Down on Mill Street |

Down on Mill Street

Katie Redding
The Aspen Times
Aspen, CO Colorado
Paul Conrad The Aspen Times

ASPEN ” The tenant profile at the Mill Street Commercial Center could look very different in November.

At least three businesses ” Aspen Tile, Alps Video and White Pheonix Kung Fu and Tai Chi ” will be leaving their spaces when their leases expire at the end of October. Green Dry Cleaning and Laundry, the only Laundromat in town, is still in negotiations with the owner.

“We’re hoping we can stay,” said owner Ryan Chadwick.

In June 2007, the building was purchased by a group of investors led by Aspen attorney Andy Hecht. The investors paid $13.3 million for the 20,000-square-foot building.

Notices sent to tenants in August 2007 gave them the option to sign a new three-year contract with a rent increase as high as 30 percent or letting their current leases expire this month. Businesses were given just a few days to decide. This year, tenants who declined to sign last year’s lease were told they must pay a lump sum before signing a new lease “and take a rent increase.

“If I handed them $8,000 for the last year, then I would have had the opportunity to sign a new lease for 30 percent more than I pay today,” said Steve Stevens, owner of Alps Video.

Stevens has decided not to re-open his business elsewhere. Instead, he has listed his entire collection of movies on

Aspen Tile plans to move down the street to Obermeyer Place, after 24 years at its current location. Last year, owner Tim Fortier explained that he was able to buy three spaces there for $1.7 million, so his mortgage payment will be the same as his current rent. If he had stayed at the Mill Street Commercial Center, his monthly payment would have increased by more than 30 percent, he said.

Michael Franke, of White Pheonix Kung Fu and Tai Chi, did not yet have details about whether or where the studio would move, but he released this statement: “Grand Master Joel Castillo is not interested in any way, shape or form in signing a new lease at any price.”

Mike Wampler of Aspen Velo bike shop, did not sign the new lease last year, but he decided to sign this year. He said he has children to support and that he doesn’t think he will find another place in Aspen that will be any more affordable.

Several of the tenants did take the option to sign a three-year lease last year. One tenant, who asked to remain anonymous, explained that his monthly fees went from $2,200 to $3,300, adding an additional $15,000 to his costs each year.

“I’m stuck now until November of 2010,” he said.

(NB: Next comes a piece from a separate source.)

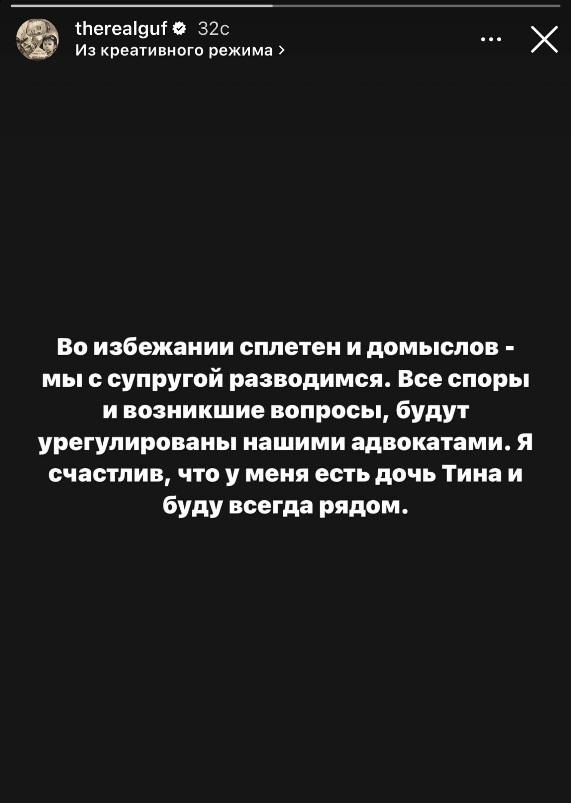 Впервые за несколько недель рэпер обратился к подписчикам с заявлением. Похоже, что скандальная ситуация в Таиланде не прошла бесследно и окончательно подорвала отношения Гуфа с его супругой Юлией. Чтобы пресечь бесконечную волну слухов, исполнитель решительно высказался о происходящем в браке в запрещенной соцсети. К сожалению и вопреки надеждам многих, пара все-таки разводится. Все остальные вопросы, по словам Гуфа, будут решать уже адвокаты. А о малышке Тине Долматов публично обещает позаботиться и всегда быть с ней рядом.

Chris McLaughlin, the owner of Aspen Repair, signed the new lease last year in order to get the security of having his shop open for three more years.

But he noted that his expenses have gone up with the new owners, particularly because of the Common Area Maintenance (CAM) fees.

The old owners hired someone to empty the trash regularly and occasional maintenance workers, he said. Now, there is a professional management company caring for the building.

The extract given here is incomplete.